# Problem to solve
In the listing below, the lines starting at the line with "One electronically tested" and ending at the line with "給食委員会の発表では、給食を感謝して食べること、" are to be output verbatim. Images stay out of the copy.

# Records for the task

========

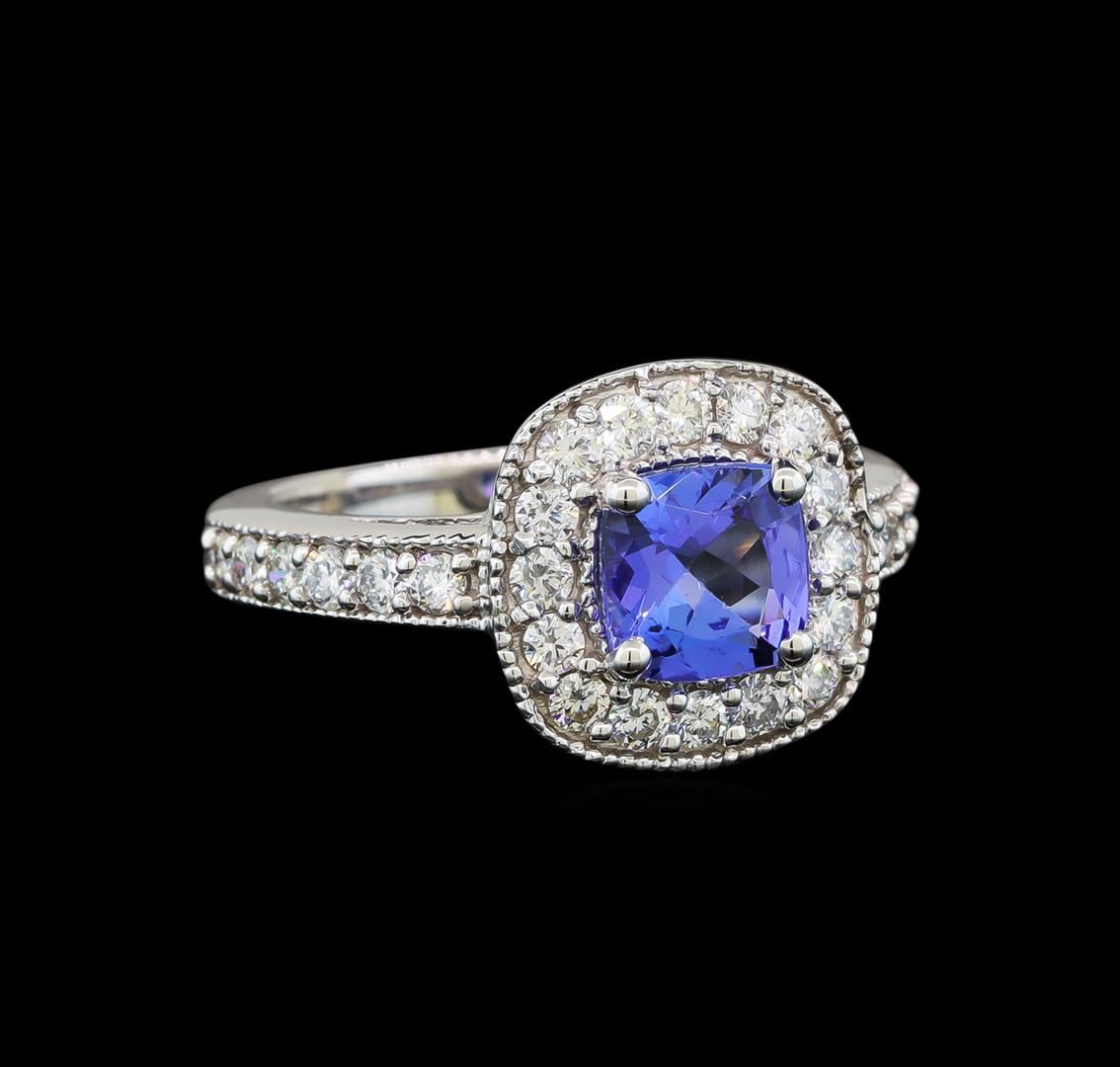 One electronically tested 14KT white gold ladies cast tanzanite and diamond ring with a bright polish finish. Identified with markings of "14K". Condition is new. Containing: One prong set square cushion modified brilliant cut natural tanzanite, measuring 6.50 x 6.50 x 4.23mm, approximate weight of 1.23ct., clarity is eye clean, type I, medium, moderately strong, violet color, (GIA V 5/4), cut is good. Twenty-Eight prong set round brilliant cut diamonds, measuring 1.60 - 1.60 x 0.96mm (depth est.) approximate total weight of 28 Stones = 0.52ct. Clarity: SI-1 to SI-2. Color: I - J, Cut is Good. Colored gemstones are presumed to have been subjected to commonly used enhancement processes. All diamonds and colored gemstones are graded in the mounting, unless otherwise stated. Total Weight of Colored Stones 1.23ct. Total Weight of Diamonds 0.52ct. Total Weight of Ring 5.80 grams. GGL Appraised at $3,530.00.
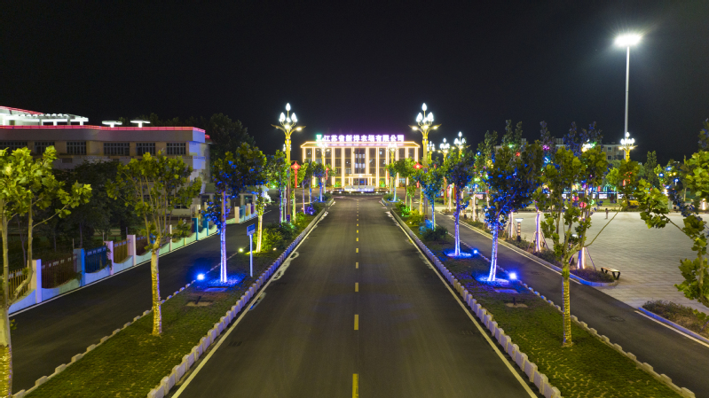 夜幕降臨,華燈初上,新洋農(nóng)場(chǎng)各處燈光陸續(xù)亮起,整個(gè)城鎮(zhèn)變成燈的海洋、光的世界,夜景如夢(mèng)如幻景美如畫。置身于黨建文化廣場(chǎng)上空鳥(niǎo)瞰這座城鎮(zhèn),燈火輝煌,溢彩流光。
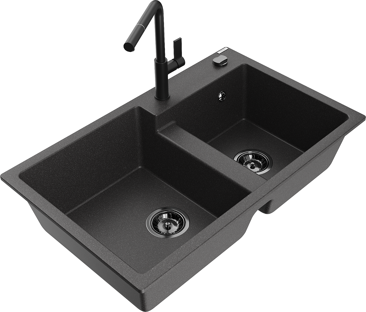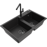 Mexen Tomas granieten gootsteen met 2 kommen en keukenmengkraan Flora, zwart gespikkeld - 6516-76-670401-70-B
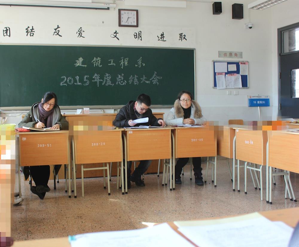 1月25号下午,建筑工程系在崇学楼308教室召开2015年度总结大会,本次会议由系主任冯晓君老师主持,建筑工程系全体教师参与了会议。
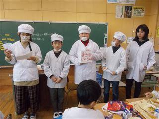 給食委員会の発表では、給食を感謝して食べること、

========

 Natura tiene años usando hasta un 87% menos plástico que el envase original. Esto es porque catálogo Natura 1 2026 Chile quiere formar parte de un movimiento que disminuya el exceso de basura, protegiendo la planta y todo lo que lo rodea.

========

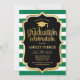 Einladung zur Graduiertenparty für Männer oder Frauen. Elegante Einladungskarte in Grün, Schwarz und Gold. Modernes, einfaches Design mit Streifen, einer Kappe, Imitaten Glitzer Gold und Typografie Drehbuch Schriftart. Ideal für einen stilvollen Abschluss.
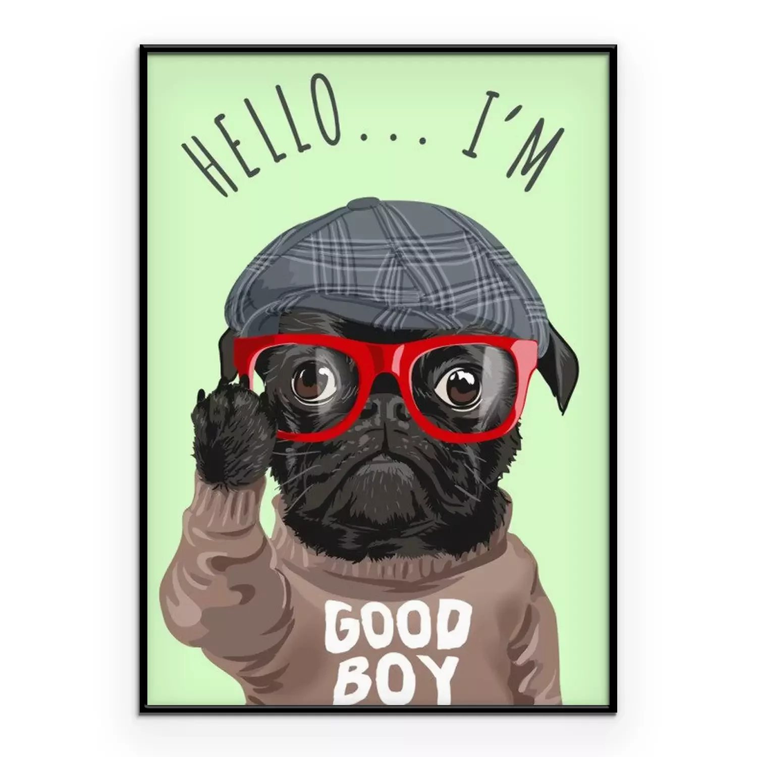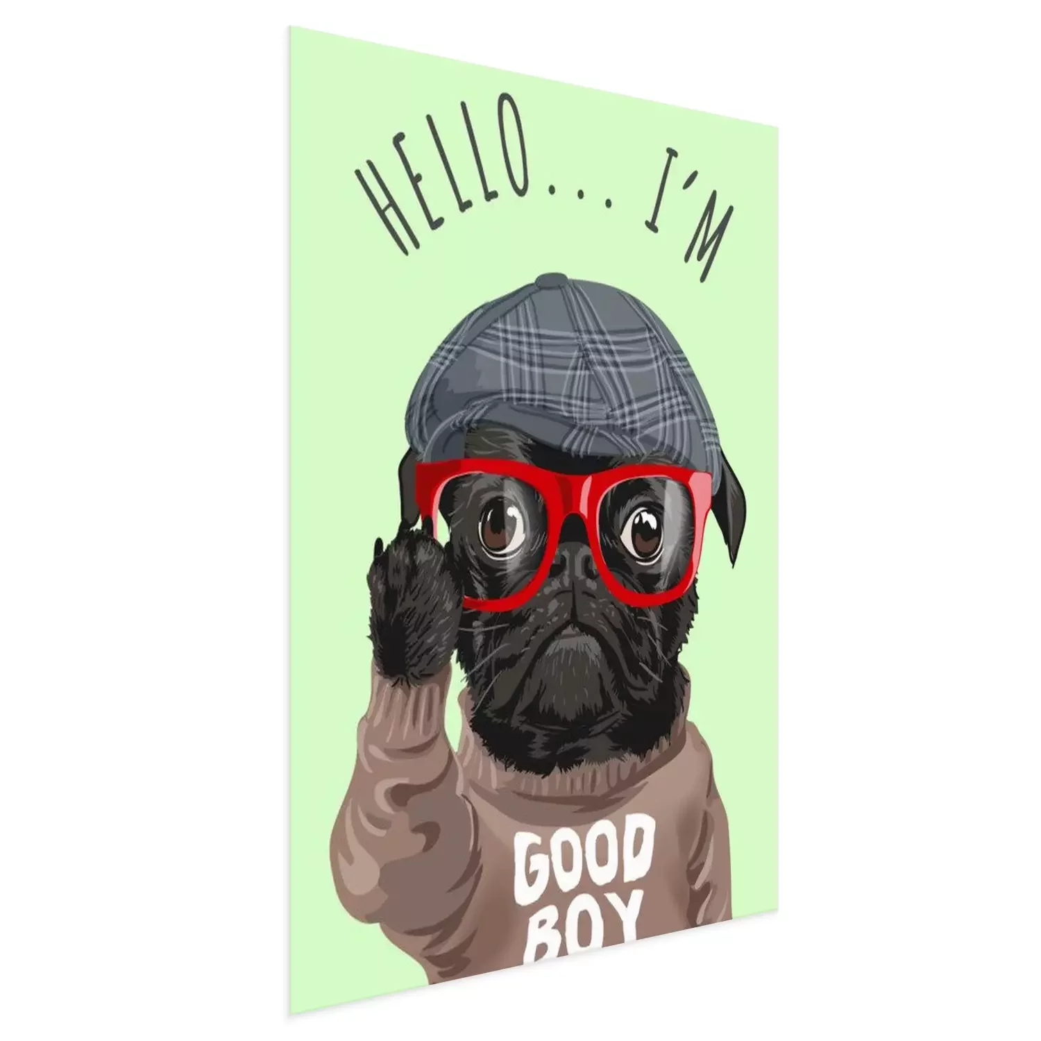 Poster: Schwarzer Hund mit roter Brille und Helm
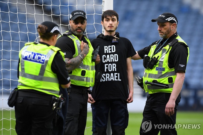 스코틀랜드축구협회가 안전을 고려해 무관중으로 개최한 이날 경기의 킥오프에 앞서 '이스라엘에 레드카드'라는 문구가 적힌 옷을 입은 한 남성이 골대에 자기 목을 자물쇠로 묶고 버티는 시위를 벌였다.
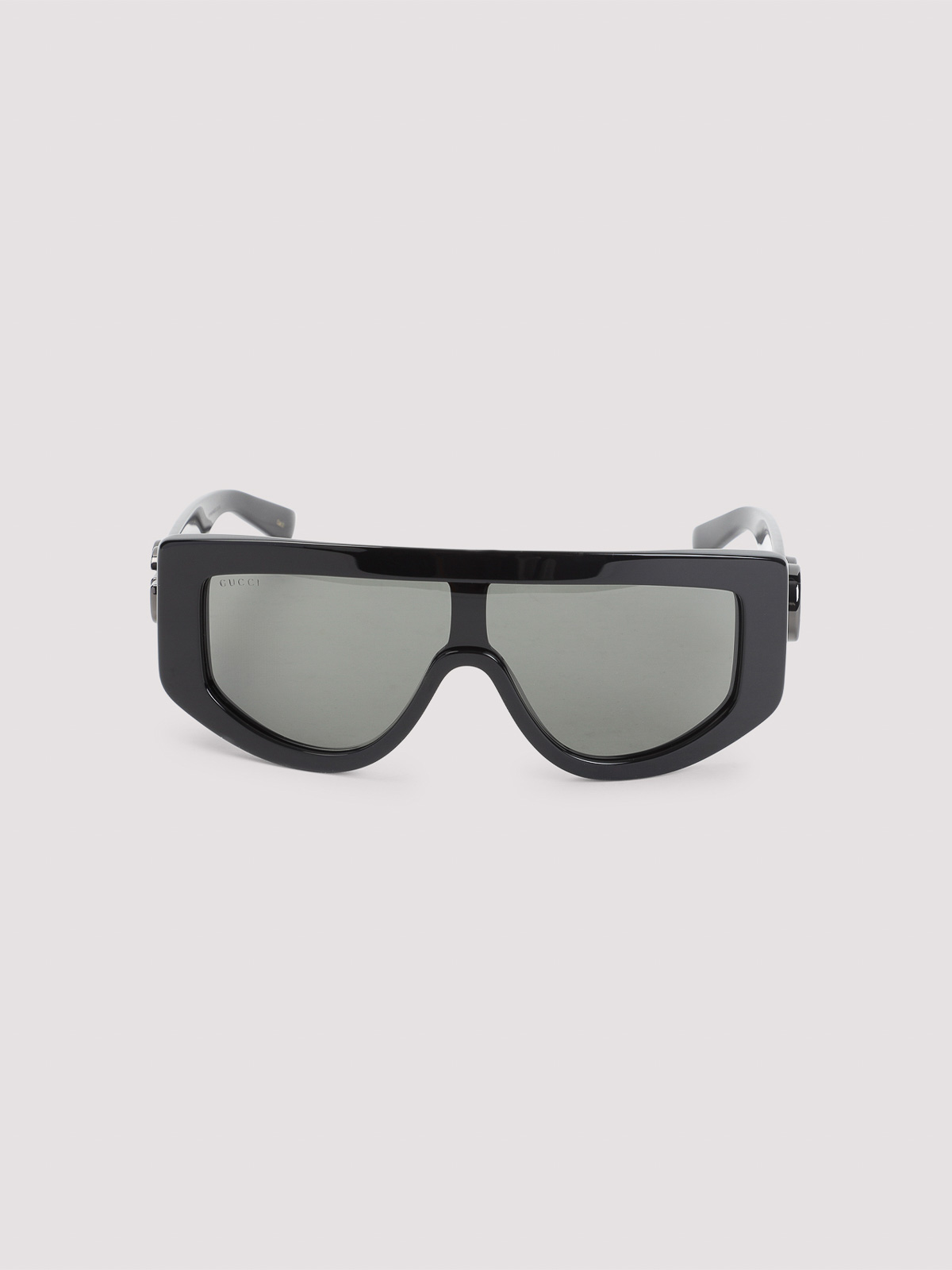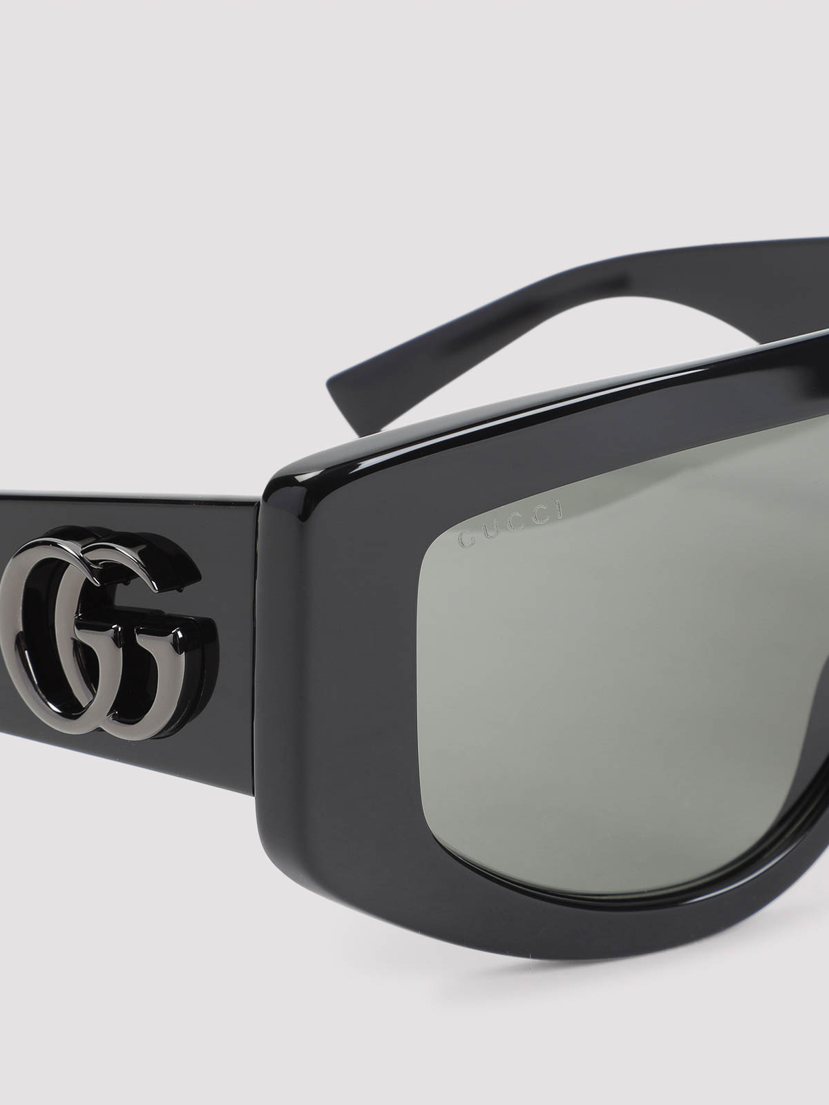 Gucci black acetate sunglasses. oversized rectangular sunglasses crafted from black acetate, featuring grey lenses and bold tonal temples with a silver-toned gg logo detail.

========

# Completed exercise
 One electronically tested 14KT white gold ladies cast tanzanite and diamond ring with a bright polish finish. Identified with markings of "14K". Condition is new. Containing: One prong set square cushion modified brilliant cut natural tanzanite, measuring 6.50 x 6.50 x 4.23mm, approximate weight of 1.23ct., clarity is eye clean, type I, medium, moderately strong, violet color, (GIA V 5/4), cut is good. Twenty-Eight prong set round brilliant cut diamonds, measuring 1.60 - 1.60 x 0.96mm (depth est.) approximate total weight of 28 Stones = 0.52ct. Clarity: SI-1 to SI-2. Color: I - J, Cut is Good. Colored gemstones are presumed to have been subjected to commonly used enhancement processes. All diamonds and colored gemstones are graded in the mounting, unless otherwise stated. Total Weight of Colored Stones 1.23ct. Total Weight of Diamonds 0.52ct. Total Weight of Ring 5.80 grams. GGL Appraised at $3,530.00.
 夜幕降臨,華燈初上,新洋農(nóng)場(chǎng)各處燈光陸續(xù)亮起,整個(gè)城鎮(zhèn)變成燈的海洋、光的世界,夜景如夢(mèng)如幻景美如畫。置身于黨建文化廣場(chǎng)上空鳥(niǎo)瞰這座城鎮(zhèn),燈火輝煌,溢彩流光。
 Mexen Tomas granieten gootsteen met 2 kommen en keukenmengkraan Flora, zwart gespikkeld - 6516-76-670401-70-B
 1月25号下午,建筑工程系在崇学楼308教室召开2015年度总结大会,本次会议由系主任冯晓君老师主持,建筑工程系全体教师参与了会议。
 給食委員会の発表では、給食を感謝して食べること、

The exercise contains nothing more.